On 2022-11-29 3:13 p.m., Tom Lane wrote:
> ... not to mention creating a high probability of deadlocks between
> concurrent insertions to different partitions. If they each
> ex-lock their own partition's index before starting to look into
> other partitions' indexes, it seems like a certainty that such
> cases would fail. The rule of thumb about locking multiple objects
> is that all comers had better do it in the same order, and this
> isn't doing that.
In the current POC patch, the deadlock is happening when backend-1
inserts a value to index X(partition-1), and backend-2 try to insert a
conflict value right after backend-1 released the buffer block lock but
before start to check unique on index Y(partition-2).

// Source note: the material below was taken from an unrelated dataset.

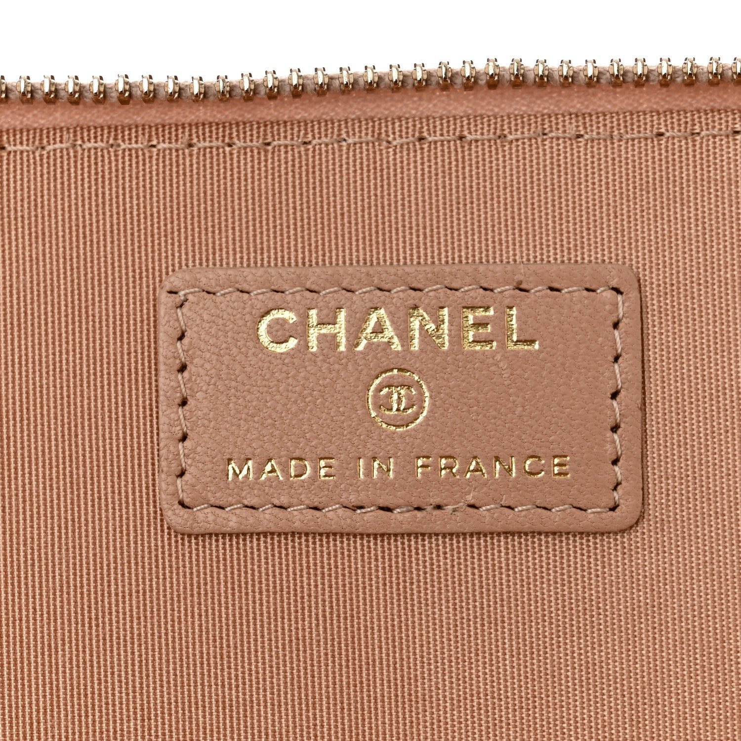 This is an authentic CHANEL Lambskin Quilted Small Top Handle Vanity Case With Chain in Beige. This stylish crossbody is crafted of luxurious lambskin leather in beige. The bag features leather threaded gold chain-link shoulder strap and gold hardware. The handbag features a 3/4 wrap-around zipper that opens to a fabric interior with card slots.

In this case,
backend-1 holds ExclusiveLock on transaction-1 and waits for ShareLock
on transaction-2 , while backend-2 holds ExclusiveLock on transaction-2
and waits for ShareLock on transaction-1. Based on my debugging tests,
this only happens when backend-1 and backend-2 want to insert a conflict
value. If this is true, then is it ok to either `deadlock` error out or
`duplicated value` error out since this is a conflict value? (hopefully
end users can handle it in a similar way). I think the probability of
such deadlock has two conditions: 1) users insert a conflict value and
plus 2) the uniqueness checking happens in the right moment (see above).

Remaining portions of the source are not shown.